Abstract
Purpose: :
To assess and compare the variations of LASIK flap created by the IntraLase FS60 laser, Moria One Use-Plus SBK and the Moria M2 Single-Use 90µm-head automated microkeratomes.
Methods: :
One hundred and sixty-one eyes of 81consecutive patients were enrolled in this prospective study and divided into three groups depending on the flap creation method: the IntraLase laser group (59 eyes) , Moria One Use-Plus SBK (44 eyes) and the Moria M2 plastic single-use 90µm head microkeratome group (58 eyes). Anterior segment optical coherence tomography was used to account the flap thickness of the 20 specified measurements on the corneas at one month postoperatively. Results were used to analyze the reproducibility, uniformity, regularity and accuracy of the LASIK flaps.
Results: :
The Intralase flaps and the Moria One Use-Plus SBK groups were more uniform and regular, showing an almost planar configuration, than the meniscus shaped flaps created with the Moria M2 Single-Use 90um head keratome.

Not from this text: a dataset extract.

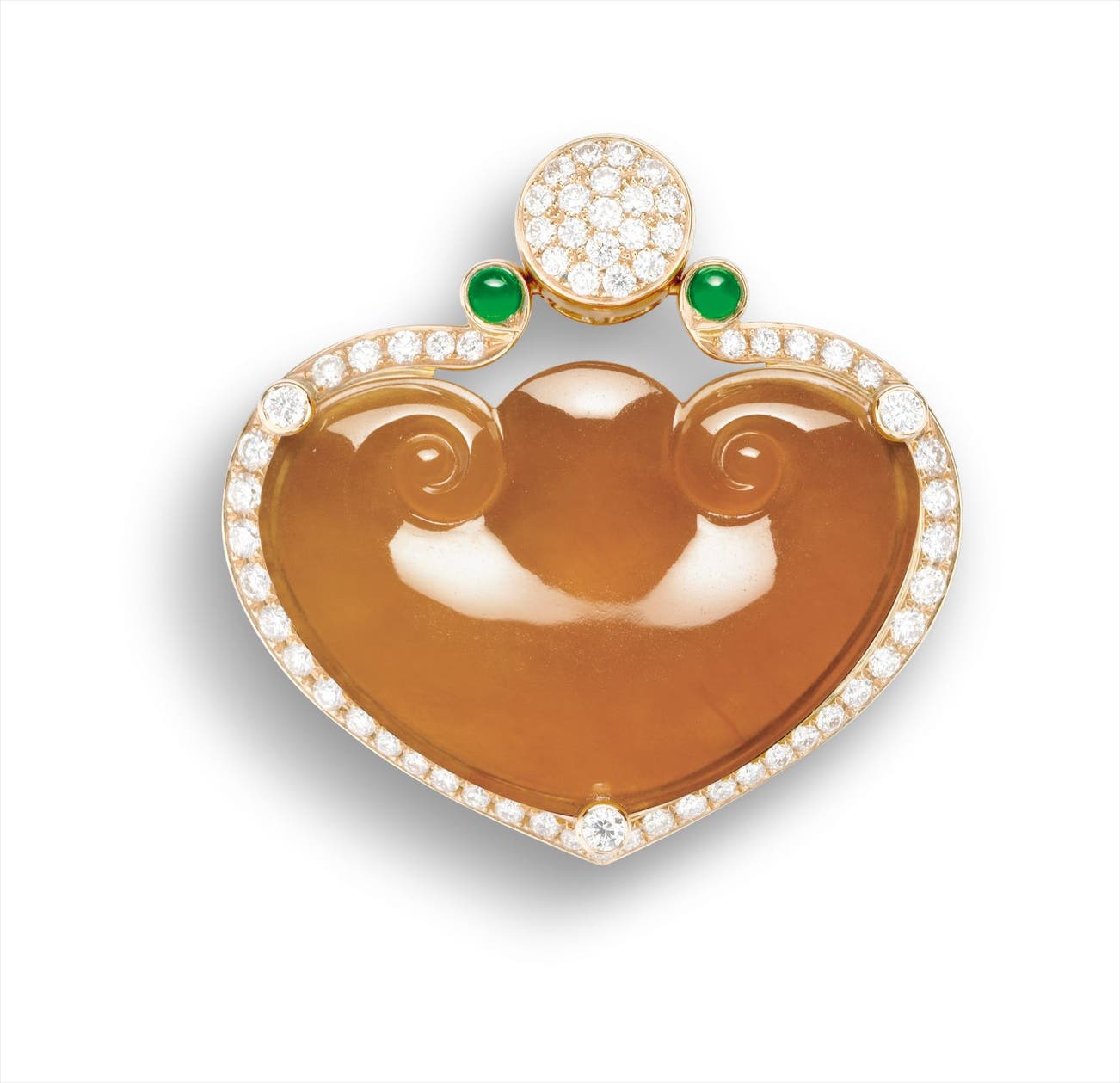 Red jadeite 'ruyi', <em>measuring approximately 30.23 x 20.80 x 4.20mm</em>Diamonds in the surround, totalling approximately 1.10 carats

The mean flap thickness of the IntraLase group was 110.81±2.26µm, while the Moria One Use-Plus SBK and Moria M2 automated groups were 113.04±4.90µm and 119.87±13.64µm respectively. The average thickness values in the central, paracentral and peripheral zones were not significantly different in the Intralase flaps (111.18±3.33µm,111.10±2.85µm and 110.34±3.42µm, respectively: p>0.05 by ANOVA) and Moria One Use-Plus SBK flaps(113.85±8.07µm,111.89±5.17µm and 113.78±4.79µm respectively: p>0.05 by ANOVA)In the Moria M2 Single-Use 90µm head microkeratome group, the central flap thickness was statistically significantly thinner than the peripheral zones with a mean flap thickness of 117.96±13.14µm,117.01±13.43µm and 123.11±13.77µm, respectively (p<0.05 by ANOVA). The Intralase flap and Moria One Use-Plus SBK flap thicknesses were statistically significantly more accurate than the Moria M2 Single-Use 90um head flap thicknesses in the peripheral zone (p<0.05), The IntraLase and Moria One Use-Plus SBK flap thickness was significantly accurate than the M2 Single-Use 90-head Microkeratome flap thickness in the peripheral zone (p<0.05).
Conclusions: :
The flap created by the IntraLase femtosecond laser and Moria One Use-Plus SBK are more uniform; more regular; more accurate and better reproducibility than by the traditional M2 single use 90µm-head microkeratome. The first two methods can make precise flap for Sub-Bowman Keratomileusis (SBK).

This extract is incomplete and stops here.